Find "CIAO Dashi Soup Line" in the material below, then write out that line and every line after it exactly, ending with the last one; skip the pictures.

+ + + + + + +

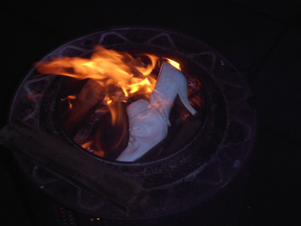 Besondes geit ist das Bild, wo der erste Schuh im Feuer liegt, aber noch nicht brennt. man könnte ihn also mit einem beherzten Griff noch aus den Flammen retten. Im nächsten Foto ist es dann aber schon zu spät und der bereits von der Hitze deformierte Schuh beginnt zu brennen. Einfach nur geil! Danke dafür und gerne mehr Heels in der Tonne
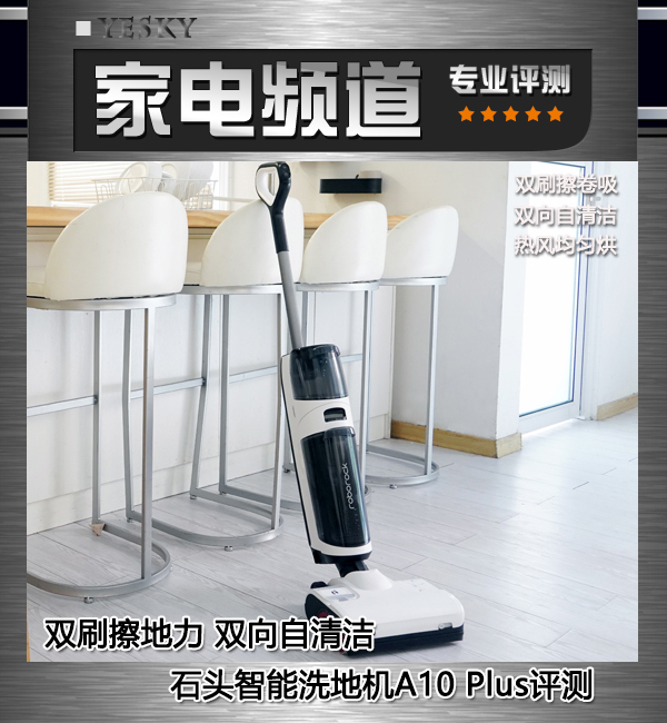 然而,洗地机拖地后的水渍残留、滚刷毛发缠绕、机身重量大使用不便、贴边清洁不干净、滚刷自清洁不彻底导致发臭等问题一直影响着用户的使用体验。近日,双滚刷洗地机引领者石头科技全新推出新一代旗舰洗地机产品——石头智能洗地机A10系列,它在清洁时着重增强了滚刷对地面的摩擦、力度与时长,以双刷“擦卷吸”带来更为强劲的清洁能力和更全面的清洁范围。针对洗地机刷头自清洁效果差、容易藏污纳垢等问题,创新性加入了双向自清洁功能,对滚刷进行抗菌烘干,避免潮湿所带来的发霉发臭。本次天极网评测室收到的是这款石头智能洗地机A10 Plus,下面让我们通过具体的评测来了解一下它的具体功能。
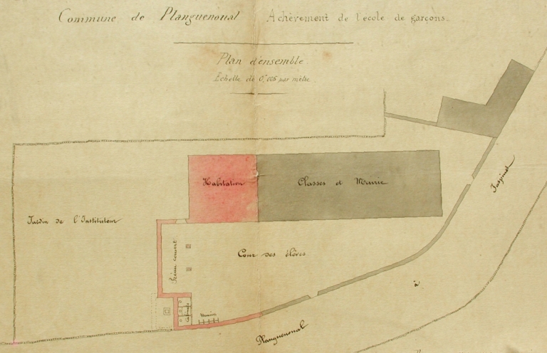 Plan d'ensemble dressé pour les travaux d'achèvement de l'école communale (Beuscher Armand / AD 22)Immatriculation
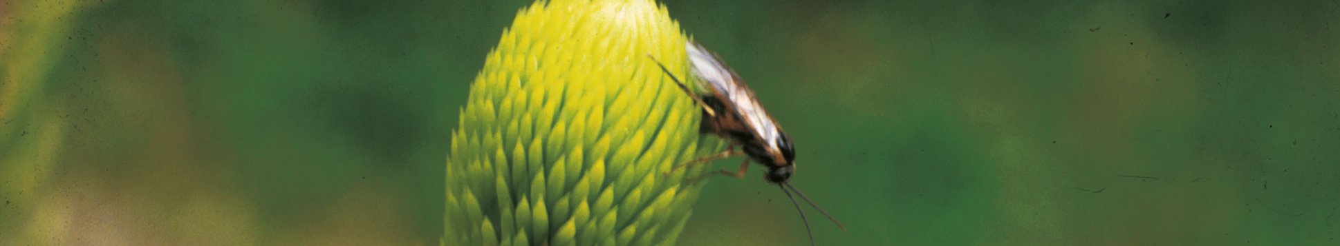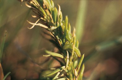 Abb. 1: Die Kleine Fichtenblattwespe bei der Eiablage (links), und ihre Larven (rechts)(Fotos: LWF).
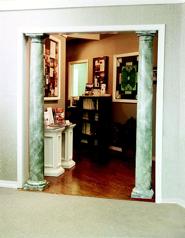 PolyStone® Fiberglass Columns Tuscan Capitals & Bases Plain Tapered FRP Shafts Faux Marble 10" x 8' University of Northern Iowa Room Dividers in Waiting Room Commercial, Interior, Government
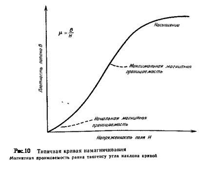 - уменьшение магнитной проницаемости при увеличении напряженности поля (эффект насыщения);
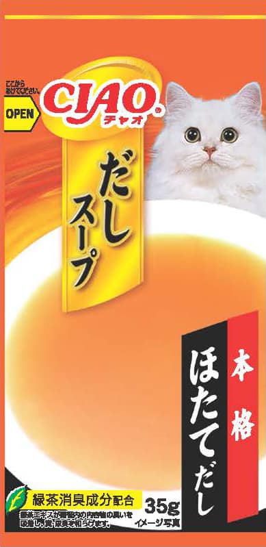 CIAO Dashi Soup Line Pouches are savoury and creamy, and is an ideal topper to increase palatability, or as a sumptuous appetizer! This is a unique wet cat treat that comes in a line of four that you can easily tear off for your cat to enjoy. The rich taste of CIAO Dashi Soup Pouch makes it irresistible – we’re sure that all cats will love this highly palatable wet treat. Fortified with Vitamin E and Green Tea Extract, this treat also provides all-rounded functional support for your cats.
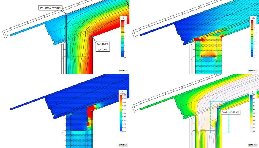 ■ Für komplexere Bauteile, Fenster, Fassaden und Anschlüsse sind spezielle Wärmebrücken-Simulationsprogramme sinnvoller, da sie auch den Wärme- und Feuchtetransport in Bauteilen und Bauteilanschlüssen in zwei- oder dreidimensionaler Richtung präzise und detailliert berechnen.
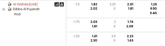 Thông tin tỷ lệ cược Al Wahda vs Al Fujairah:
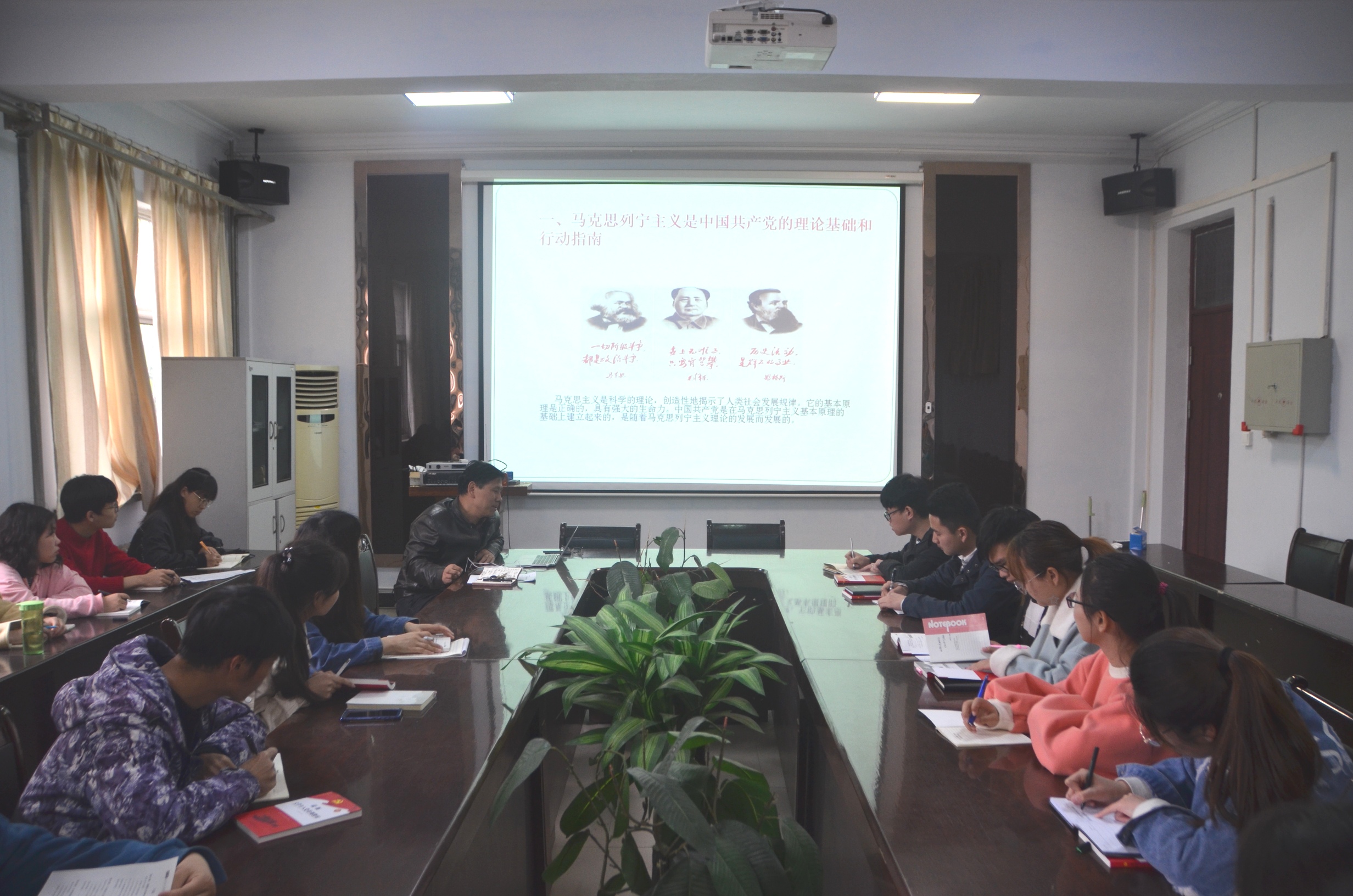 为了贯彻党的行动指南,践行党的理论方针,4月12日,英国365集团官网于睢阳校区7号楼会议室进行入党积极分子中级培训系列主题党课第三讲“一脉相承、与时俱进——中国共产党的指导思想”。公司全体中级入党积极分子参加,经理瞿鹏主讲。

+ + + + + + +

◆ Output:
 CIAO Dashi Soup Line Pouches are savoury and creamy, and is an ideal topper to increase palatability, or as a sumptuous appetizer! This is a unique wet cat treat that comes in a line of four that you can easily tear off for your cat to enjoy. The rich taste of CIAO Dashi Soup Pouch makes it irresistible – we’re sure that all cats will love this highly palatable wet treat. Fortified with Vitamin E and Green Tea Extract, this treat also provides all-rounded functional support for your cats.
 ■ Für komplexere Bauteile, Fenster, Fassaden und Anschlüsse sind spezielle Wärmebrücken-Simulationsprogramme sinnvoller, da sie auch den Wärme- und Feuchtetransport in Bauteilen und Bauteilanschlüssen in zwei- oder dreidimensionaler Richtung präzise und detailliert berechnen.
 Thông tin tỷ lệ cược Al Wahda vs Al Fujairah:
 为了贯彻党的行动指南,践行党的理论方针,4月12日,英国365集团官网于睢阳校区7号楼会议室进行入党积极分子中级培训系列主题党课第三讲“一脉相承、与时俱进——中国共产党的指导思想”。公司全体中级入党积极分子参加,经理瞿鹏主讲。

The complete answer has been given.